Background: The literature of endoluminal treatment of gastroesophageal reflux disease (GERD) widely varies in the level of evidence presented for analysis. Therefore there is a need for a comprehensive evidenced-based medicine (EBM) analysis of the current literature evidence of the three FDA-approved modalities used for endoluminal treatment of GERD.

Search Strategy: In January 2007, the MEDLINE database was searched for randomized control trials (RCTs), and controlled clinical trials of currently available endoluminal treatment of GERD. Database searches combined the specific endoluminal device keywords with the condition- specific keyword (e.g., GERD).

Data Collection and Analysis: All relevant studies have been categorized according to the evidence they provide according to the guidelines for Levels of Evidence and Grades of Recommendation supplied by the Oxford Centre for Evidence-Based Medicine.

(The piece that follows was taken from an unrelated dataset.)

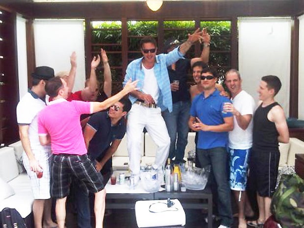 In one of the pictures he posted, Arquette is seen posing poolside with an ab-baring brunette, while another shows him on a coffee table in a cabana, "enjoying a little gay dance [party]."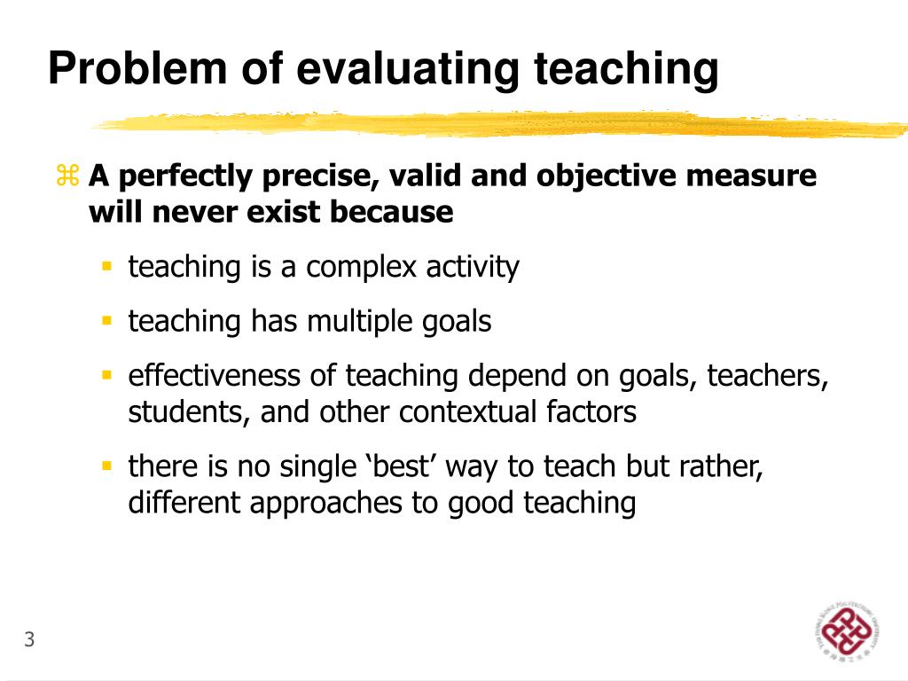 Problem of evaluating teaching • A perfectly precise, valid and objective measure will never exist because • teaching is a complex activity • teaching has multiple goals • effectiveness of teaching depend on goals, teachers, students, and other contextual factors • there is no single ‘best’ way to teach but rather, different approaches to good teaching

Main Results and Authors Conclusions: Sixteen studies met the inclusion criteria, representing 787 patients. The methodological quality of most of the included studies was average; four studies were grade 1b (individual randomized trial), 10 were grade 2b (individual cohort study), and two were grade 3b (individual case-control study). There is grade 1b and 2b evidence demonstrating the EndoCinch plication is effective in reducing GERD symptoms at short-term follow up. However, in the majority of the studies analyzed, the procedure does not significantly reduce the acid exposure in the distal esophagus. The majority of studies with long-term outcome showed disappointing outcomes, probably due to suture loss in the majority of patients. There is grade 1b and 2b evidence demonstrating that the Stretta procedure is effective in reducing GERD symptoms at short- and mid-term follow up. However, in the majority of the studies analyzed, the procedure did not reduce significantly the acid exposure in the distal esophagus. There is grade 1b and 2b evidence demonstrating that full-thickness plication is effective in reducing GERD symptoms, and acid exposure in the distal esophagus. Surgical Endoscopy, 2007, Vol. 21, pp.697-706.